The fresh crop of cookbooks that bursts forth each spring is as dependable as the cherry blossoms. While this season's bounty is the usual mixed bouquet, many share a common thread: the search for roots, and an emphasis on cooking with the seasons. In the case of Brit chef Heston Blumenthal, it's authenticity of ingredients, recipes, and techniques that propels him on an Air Miles–earning tour in In Search of Perfection (Bloomsbury, $45). His goal: to track down the elements of some classic British dishes (pretty depressing that one is spaghetti bolognese). Searching for the ne plus ultra in roasting chicken, he gets friendly with the blue-legged AOC birds of Bresse. For pizza, he's off to the tomato fields of Italy. Bangers and mash, steak, fish and chips–he digs deep to find the best, and it's an enthralling, well-written journey with precisely described recipes and lush photos. However, his dessert choices are quirky to say the least. As an expat, I'll buy treacle tart as a classic, but I doubt many will go to the immense effort required to re-create that naffest of puds, Black Forest gâteau, which calls for a paint gun to simulate a wood-effect base. Google "blumenthal black forest gateau" to read a first-person, blow-by-blow account by someone who actually made it.

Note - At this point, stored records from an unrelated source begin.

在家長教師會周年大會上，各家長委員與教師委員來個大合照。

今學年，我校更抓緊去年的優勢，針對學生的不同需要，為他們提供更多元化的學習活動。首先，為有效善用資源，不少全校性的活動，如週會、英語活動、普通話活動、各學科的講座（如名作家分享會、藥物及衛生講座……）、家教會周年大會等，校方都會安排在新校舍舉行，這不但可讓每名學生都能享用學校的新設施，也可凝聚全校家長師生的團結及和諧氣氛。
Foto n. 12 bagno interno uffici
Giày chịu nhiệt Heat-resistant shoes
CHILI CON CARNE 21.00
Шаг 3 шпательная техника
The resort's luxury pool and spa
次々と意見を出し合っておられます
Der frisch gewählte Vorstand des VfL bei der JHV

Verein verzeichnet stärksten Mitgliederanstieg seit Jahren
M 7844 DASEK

Chefs and Their Hair is a book still waiting to be written. Blumenthal's shaved dome is in stark contrast to the sun-streaked locks of stud muffin Curtis Stone, author of Cooking With Curtis (Whitecap Books, $29.95). Stone divides his time between Sydney and London, and shows influence of both. Old World opulence and New World freshness combine in dishes like Tartare of Hand-Dived Sea Scallops With Tomato Essence and (although he does say you can leave it out) Oscietra Caviar, or Crispy Pork Belly With Confit of Garlic and a Honey Glaze. Mmmn. Photography is of the "in your mouth" close-up school. The book is organized by seasonal ingredients, which means right now you should be wallowing in asparagus, prawns, lamb, and rhubarb. Fine by me.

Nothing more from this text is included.